Charlo con mi hermano, experto en budismo zen, y divagamos sobre el tema. Ha meditado a diario estos días de encierro forzoso y está lúcido como nunca, ingrávido, poroso. La gente anhela la pastilla que le salve, me recuerda, el político que le salve, el remedio asequible que le sirva la felicidad en tarifa plana. El efecto placebo se dispara cuando sentimos pánico y siempre surge quien se lucra con el fenómeno. Humble, el fundador de una iglesia americana, la ha liado parda con un placebo "milagroso" para el virus que está divulgando. La gente sugestionable que somatiza el pánico estos días es presa fácil. Personas que se quejan de cansancio, cefalea incluso pérdida de gusto y olfato y ven cómo el malestar se les borra de un día para otro. La panacea es dióxido de cloro, un tóxico que se usa como blanqueador y limpia superficies industriales, se le llama "suplemento mineral milagroso". Youtube y Facebook abundan en vídeos testimoniales sobre su fuerza supercurativa y los organismos oficiales ya se les han echado encima.

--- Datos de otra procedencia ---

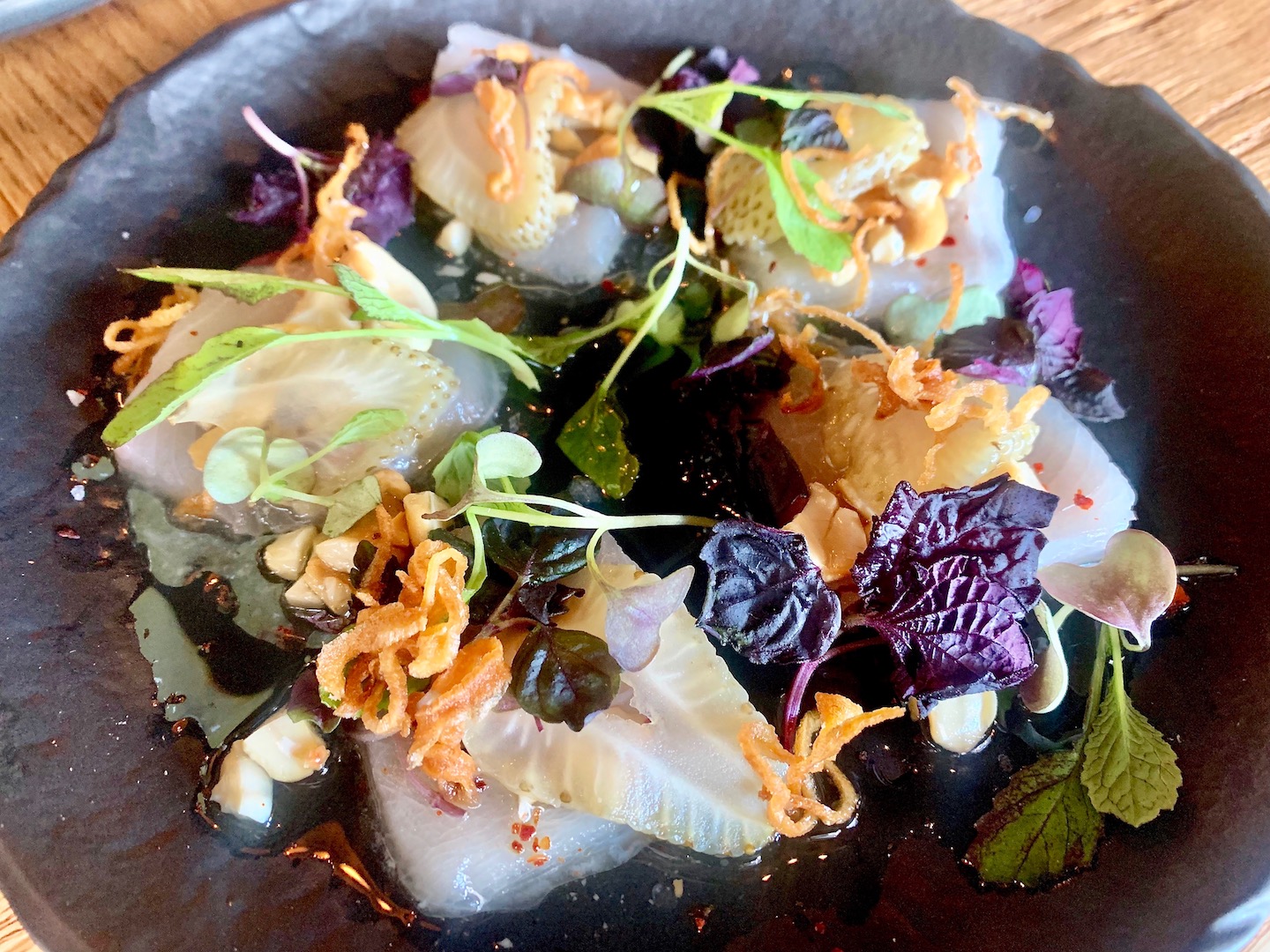 A couple more standout dishes? Try the yellowtail crudo ($13) — delicate, buttery hamachi with pickled green strawberries, cashews confit in avocado oil, white shoyu and ponzu. Or just ask for the dessert that tastes like an Almond Joy.

Antes la tribuna desde la que hablaban los sabios exigía una larga criba. Un orador superaba extensas pruebas para obtener la atención de su público. Ahora abundan los seudoexpertos, "opiniáticos" o influencers que tienen a mano una ventana a la que asomarse para recabar adeptos. A mayor complacencia con la expectativa de su público, mayor alcance de su mensaje. Y la información relevante está escondida entre seudodatos, todo es tan masivo y cambiante que ni siquiera los expertos acreditados tienen calma para digerirlo. Se les exigen juicios rápidos, posicionamientos, filias y fobias, subidas de voz.

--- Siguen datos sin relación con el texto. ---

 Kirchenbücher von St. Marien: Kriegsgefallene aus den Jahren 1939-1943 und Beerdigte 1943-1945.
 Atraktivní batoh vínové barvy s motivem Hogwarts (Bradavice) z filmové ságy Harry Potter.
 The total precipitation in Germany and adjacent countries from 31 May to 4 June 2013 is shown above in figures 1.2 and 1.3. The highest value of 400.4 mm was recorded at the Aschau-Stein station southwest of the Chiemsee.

"En el lío de discursos ─me recuerda mi hermano─, yo me vuelvo espacio". Fiel a los principios del mindfulness, ha aprendido a silenciar el ruido, a ser la pantalla donde se proyecta una realidad mutante, rápida, dramática. "Soy la habitación ─improvisa─ a la que le da igual que muevas los muebles". Y me recuerda un relato zen donde el protagonista, un granjero indolente baqueteado por las desgracias, nunca se queja de su buena o mala fortuna: su hijo se rompe una pierna y no se lamenta. Al día siguiente su fractura lo libra de ser reclutado para la guerra y tampoco lo celebra. "Todo en la vida sucede por oleadas ─me dice─, hay subidas y bajadas, tensión y distensión, placer y displacer. Lo importante es seguir un paso atrás de ti mismo, no acudir a los reclamos de tu ego".
¿Qué diría el granjero zen sobre nuestro estancamiento en la fase cero? Algo bueno se prepara para los valencianos, señalaría, y no merece la pena que nos lamentemos.